Los nuevos derechos al aborto, a la eutanasia, a la homosexualidad o al eugenismo son todos ellos la expresión de este conflicto: se trata de derechos de la voluntad sobre el cuerpo, garantizan el ejercicio de un poder contra el cuerpo. A diferencia de la justicia, estos derechos, que son de un tipo nuevo, no apuntan a la equidad, sino al poder. Ponen en marcha, contra la ontología cristiana, la concepción dualista y materialista del hombre y derriban con ello el antiguo principio de la indisponibilidad del cuerpo humano que garantizaba la dignidad humana entendida como respeto de la unidad cuerpo-espíritu. Según este principio de la indisponibilidad, el consentimiento de una persona a su propia muerte o a la consumación de una práctica contra natura, como la esterilización o la homosexualidad, no permitía exonerar al autor de estos actos de su responsabilidad penal. En nuestros días, en Occidente, el origen de la dignidad humana se ha desplazado: ya no reside en la unidad armoniosa del cuerpo y del espíritu, sino en el dominio exclusivo del espíritu individual. El respeto de esta dignidad exige así el de su expresión mediante la libre voluntad individual. De ahí resulta que todo acto realizado sobre uno mismo es bueno porque ha sido querido libremente. Más todavía, el reconocimiento de la misma humanidad de un ser depende de que posea un espíritu: tal feto todavía no es humano, mientras que tal viejo o enfermo va perdiendo su humanidad a medida que pierde conciencia de sí mismo. Así es como el individualismo desencarnado de los materialistas sucede al humanismo cristiano. Cada nuevo derecho del espíritu contra el cuerpo es una victoria de Huxley contra Maritain, y una derrota de la persona frente a un desconocido.
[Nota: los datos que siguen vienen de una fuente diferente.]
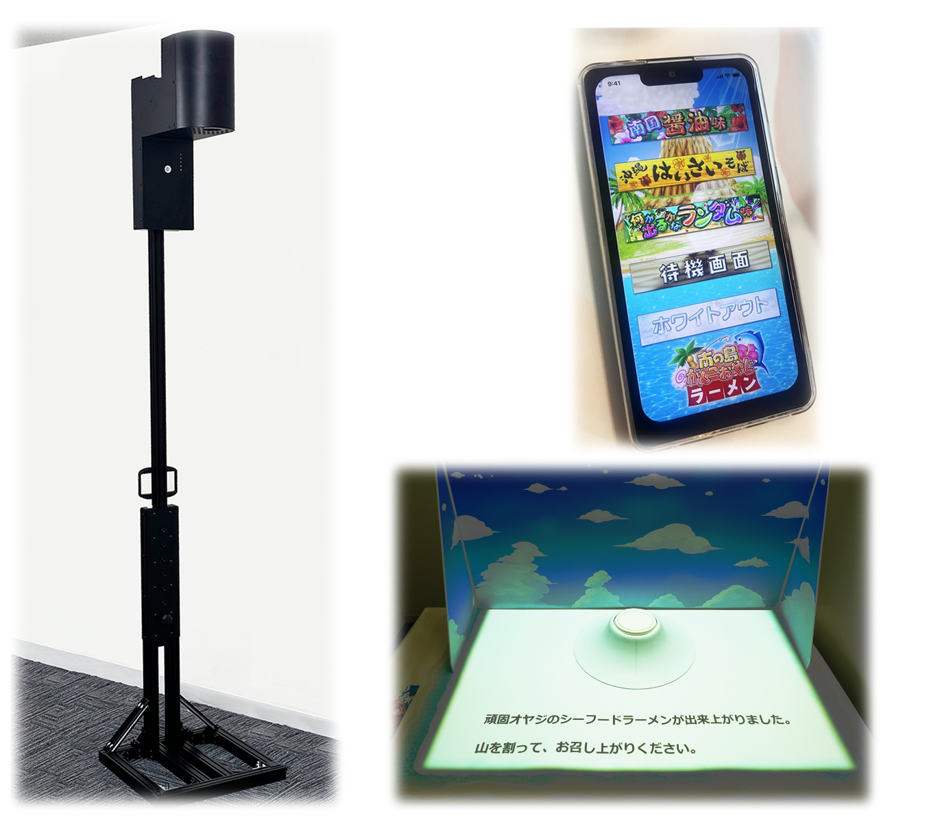 モビリティを高めた展示プロジェクターと造形物を一体とした映像、簡単操作のアプリを1体にしたテーブルの上でエンタメを体験させるメディアサービスとなります。
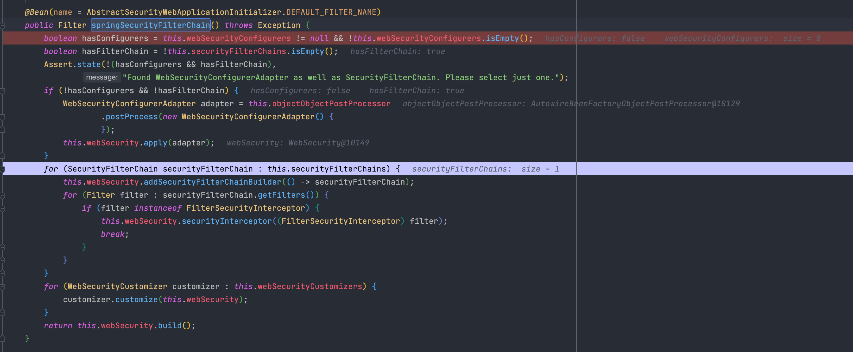 boolean hasFilterChain = !this.securityFilterChains.isEmpty();
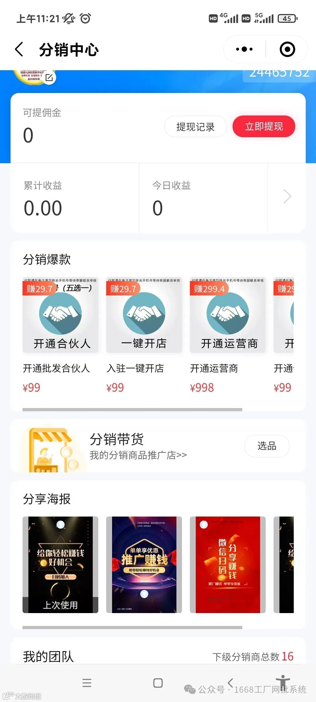 1668工厂网3000网批账号资源全国员工,分部,联创,共创,阿米巴,合伙人,运营商,代理商后台系统注册与代理邀请分销系统教程!
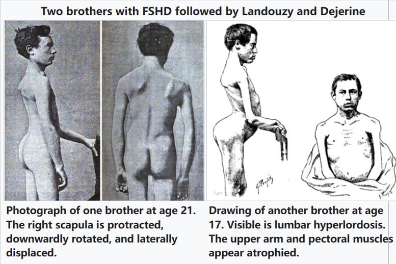 FSHD命名者Landouzy和Dejerine记录的患者临床表现目前的医学研究认为FSHD的发病机制与4号染色体的基因表达异常有关,且该疾病会遗传后代,部分研究认为男性相较于女性更容易发病,病情也更加严重。阿伟的家族便有FSHD遗传史,他身为教师的外公在四十多岁时已经难以举起粉笔在黑板上板书。从阿伟记事起,外公便手不离拐杖,而他的舅舅在十多岁时也已经干不了重体力活。
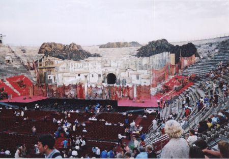 As the opera had started, the only thing that we could do was to wait, as 'tradition' demands that the show will recommence once the rain stops. The largest proportion of the audience had come into Verona on coaches which were parked on the outskirts of the city and would not leave until the designated time, or until and unless it became evident that the opera would have to be abandoned. Our tour guide had told us earlier that she had once attended an opera here when it did not finish until 3.am.! On Friday 28th June the delay proved to be about one hour; half an hour of pouring rain and half an hour while the scene shifters cleared the stage area; including using enormous squeegees to get some of the water out of the carpeted front of the stage. When the final applause sounded, I think that we were all applauding ourselves as much as the musicians and singers. What a contrast on Saturday 29th when we watched Franco Zefferelli's new production of Verdi's Aida staged under a clear starry sky. Such an imaginative setting and such superb singing left one breathless and made the whole trip worthwhile. I have been to Verona before, but I think my experience in June 2002 will be the one that comes to mind most, the contrast between the ridiculous and the sublime. WINIFRED MANCZ |
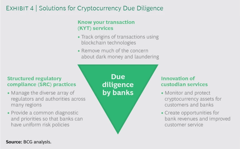 In practicing due diligence of this sort, banks can rely on three types of solutions: know your transaction (KYT), structured regulatory compliance (SRC), and custodian services. (See Exhibit 4.) These can be outsourced, but banks may benefit from bringing them in-house and making them substantial parts of the institution’s own crypto service chain. Together, these three solutions can build trust and address most concerns. They do not always need to be handled separately by each bank. Ultimately, the financial services industry will probably establish practices and platforms that embed these safeguards into every credible cryptocurrency offering.
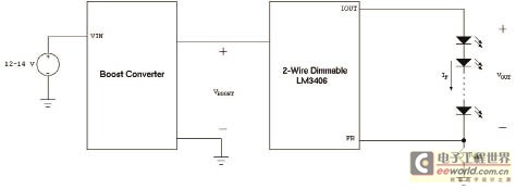 根據(jù)具體的設(shè)計(jì),上述問(wèn)題的影響可能可以忽略。但是,如果系統(tǒng)設(shè)計(jì)師對(duì)上述影響存有顧慮,可以采用單個(gè)串聯(lián)燈組作為首選拓?fù)浣Y(jié)構(gòu)。在這種解決方法中,仍可以使用LM3406等部件,但將增大系統(tǒng)復(fù)雜性,因?yàn)樾枰虑岸瞬考糜趥鬏敵?2V~14V的電源電壓為L(zhǎng)ED驅(qū)動(dòng)器供電。然后,LED驅(qū)動(dòng)器降低此新電壓,為單個(gè)LED燈組供電。這可以通過(guò)在直流電源和LM3406之間增加升壓DC/DC功率級(jí)輕松實(shí)現(xiàn),如圖10所示。通過(guò)此拓?fù)浣Y(jié)構(gòu),串聯(lián)燈組中的所有LED均具有相同的電流,無(wú)論各LED的VF值是多少。
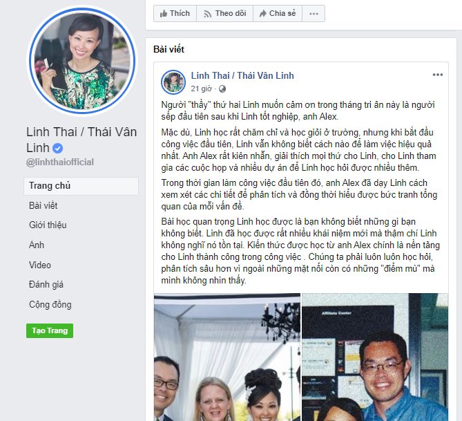 Bài chia sẻ được đăng tải trên facebook cá nhân của nữ doanh nhân Thái Vân Linh. Ảnh: FBNV
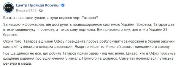 "Окрім того, Татаров від імені Офісу президента пробує розблокувати заморожені в Україні рахунки компанії путінського олігарха дерипаски. Якщо точніше, то Миколаївського глиноземного заводу. І це ще далеко не все, що робить Татаров прямо зараз - під час війни", – йдеться на фейсбук сторінці Центру протидії корупції.
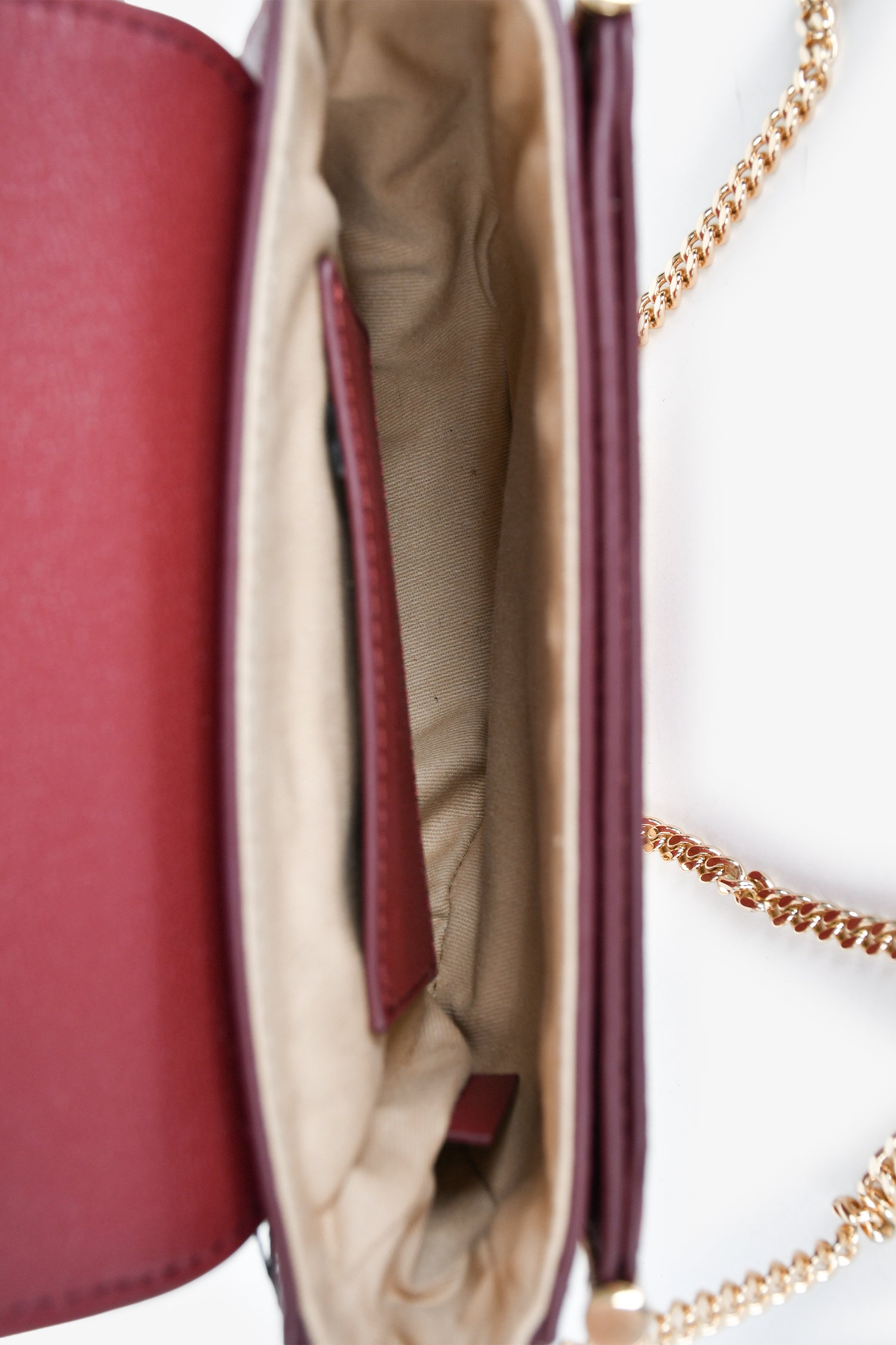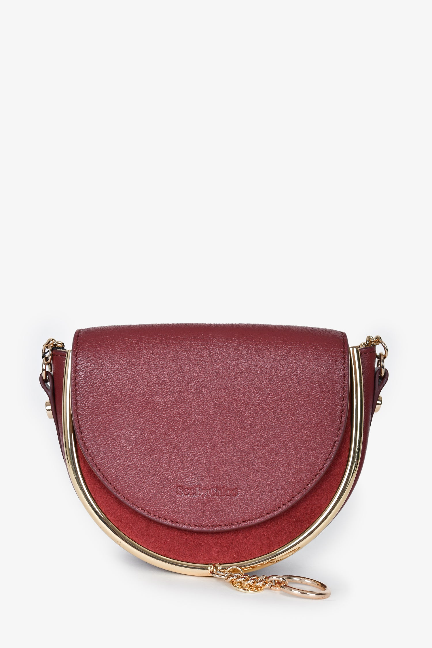Refresh availabilitySee By Chloe Maroon Leather/Suede Gold Hardware "Mara" Crossbody. Front fold-over flap with magnetic button closure. Front slip pocket. Beige textile interior lining. Single interior wall card slot. Gold-tone hardware.

La reducción de la persona a su voluntad no es, desde el punto de vista del individuo, una privación, sino una liberación de todo lo que no es ella, de lo que le preexiste y supone una traba para su realización integral, de sus límites; permite una egofanía. Al desprenderse de lo que le condiciona (el cuerpo, la familia, la sociedad, la religión), el espíritu manifiesta su trascendencia, es decir, su capacidad para elevarse y para dominar todo, como si se emancipara de la materia de la que emerge. El espíritu no añora más su cuerpo que la mariposa la oruga, o el asceta los bienes de este mundo. Esta amputación sería como una purificación que permite elevarse al espíritu; pero en la práctica, permite sobre todo maltratar el cuerpo.
Dado que la verdad del individuo sería integralmente interior, subjetiva, cada uno debe disponer de la posibilidad de decir él mismo quién es. Su identidad no podría ser reducida a su personalidad, cuyas características se perciben como apariencias exteriores y, por consiguiente, ilegítimas, ya sean sociales o físicas. La verdad del individuo no es lo que él es desde el punto de vista físico o lo que la sociedad dice de él, sino lo que dice él mismo: esta es la única «realidad» capaz de imponerse. El individualismo reduce la realidad tangible al rango de apariencia insignificante y al hacerlo reconoce a cada individuo el poder de significar lo que él es, a pesar y contra las apariencias. La reducción de la persona a su voluntad consiste...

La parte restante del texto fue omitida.